Banks’ real estate exposure sinks to 5-year low
By Luisa Maria Jacinta C. Jocson, Reporter
THE EXPOSURE of Philippine banks and trust entities to the property sector continued to decline at the end of September, hitting a five-year low, data from the Bangko Sentral ng Pilipinas (BSP) showed.
Banks’ real estate exposure ratio dropped to 19.55% at end-September from 19.92% at end-June and from 20.55% at the end of September in 2023.
This was also the lowest real estate exposure ratio recorded in five years or since the 19.5% as of September 2019.
The BSP monitors lenders’ exposure to the real estate industry as part of its mandate to maintain financial stability.

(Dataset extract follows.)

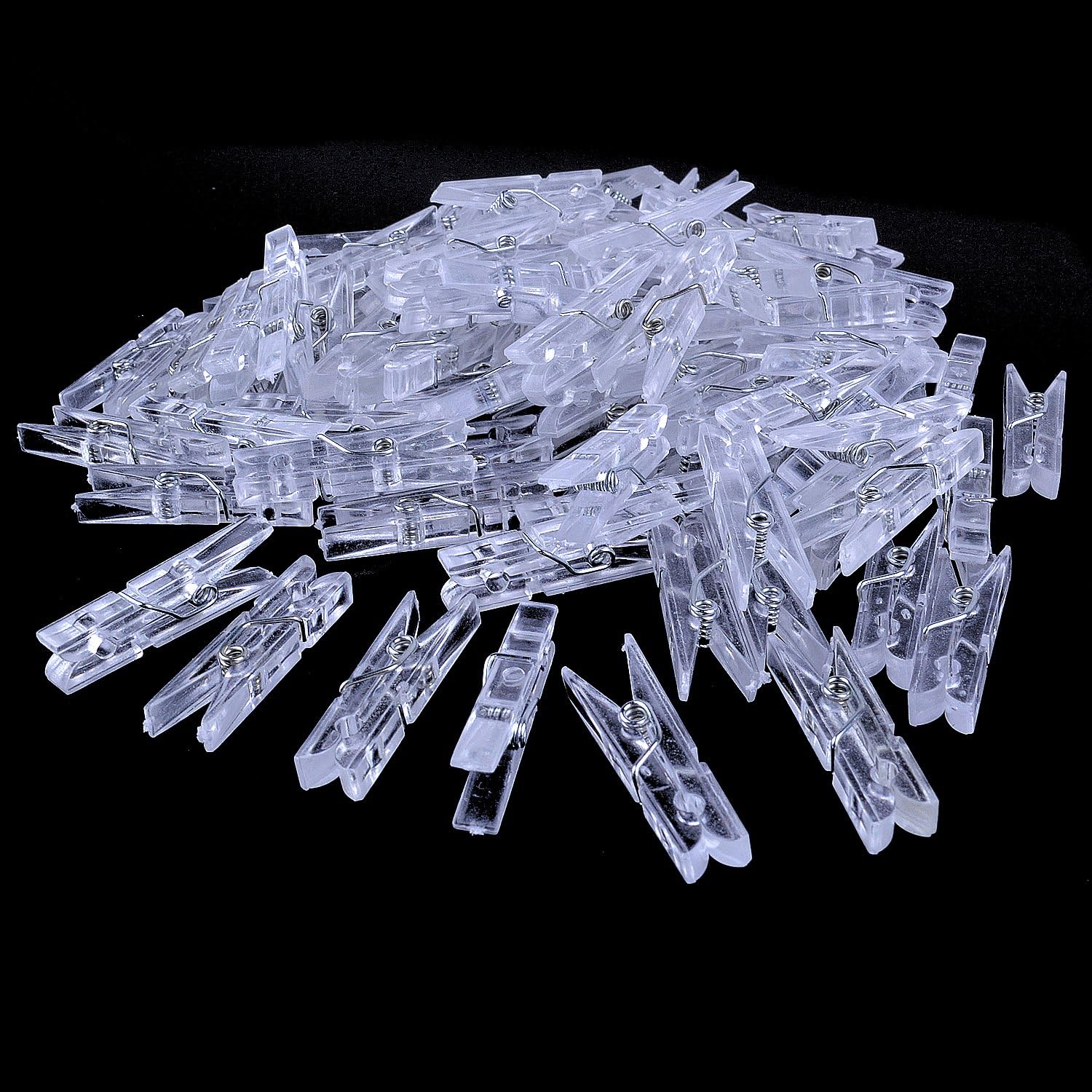 BronaGrand 100pcs Mini Clear Plastic Utility Paper Clip, Clothespins Clip, Clothes Line Clips,Photo Clips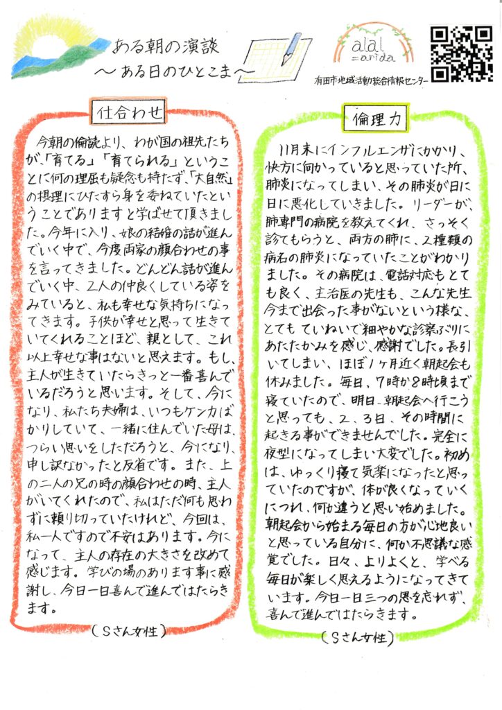 朝起き会 箕島会場だより1月+活動報告

Investments and loans extended by Philippine banks and trust departments to the real estate sector inched up by 2% to P3.22 trillion as of September from P3.16 trillion a year ago.
BSP data showed real estate loans rose by 7.9% to P2.84 trillion as of end-September from P2.64 trillion a year ago.
Residential real estate loans jumped by an annual 8.1% to P1.07 trillion, while commercial real estate loans climbed by 7.8% to P1.78 trillion.
Past due real estate loans stood at P148.157 billion, higher by 10% from P134.828 billion a year prior.
Broken down, past due residential real estate loans rose by 10.1% to P104.967 billion, while past due commercial real estate loans went up by 9.4% to P43.189 billion.
Meanwhile, gross nonperforming real estate loans went up by 7.1% to P111.554 billion as of the third quarter from P104.138 billion a year ago.
This brought the gross nonperforming real estate loan ratio to 3.92% at end-September, slightly lower than 3.95% a year earlier.
On the other hand, real estate investments fell by 15.5% to P376.406 billion as of end-September from P445.666 billion in the same period a year ago.
This, as debt securities dropped by 14.6% year on year to P246.041 billion, while equity securities fell by 17.2% to P130.365 billion.
Joey Roi H. Bondoc, director and head of research at Colliers Philippines, said the slowing real estate exposure seen at end-September is due to the developers’ “lukewarm appetite” for new projects.
“They’re not launching a lot of new projects. Whether it’s for office or for residential, there’s really a tepid appetite at this point for new developments,” he said via phone call.
Over the next three years, Colliers expects about 400,000 to 450,000 square meters (sq.m.) of new office space to be added to the Philippine market.
“That is much smaller, in fact, less than half of 1 million square meters of new office space from 2017 to 2019,” Mr. Bondoc said.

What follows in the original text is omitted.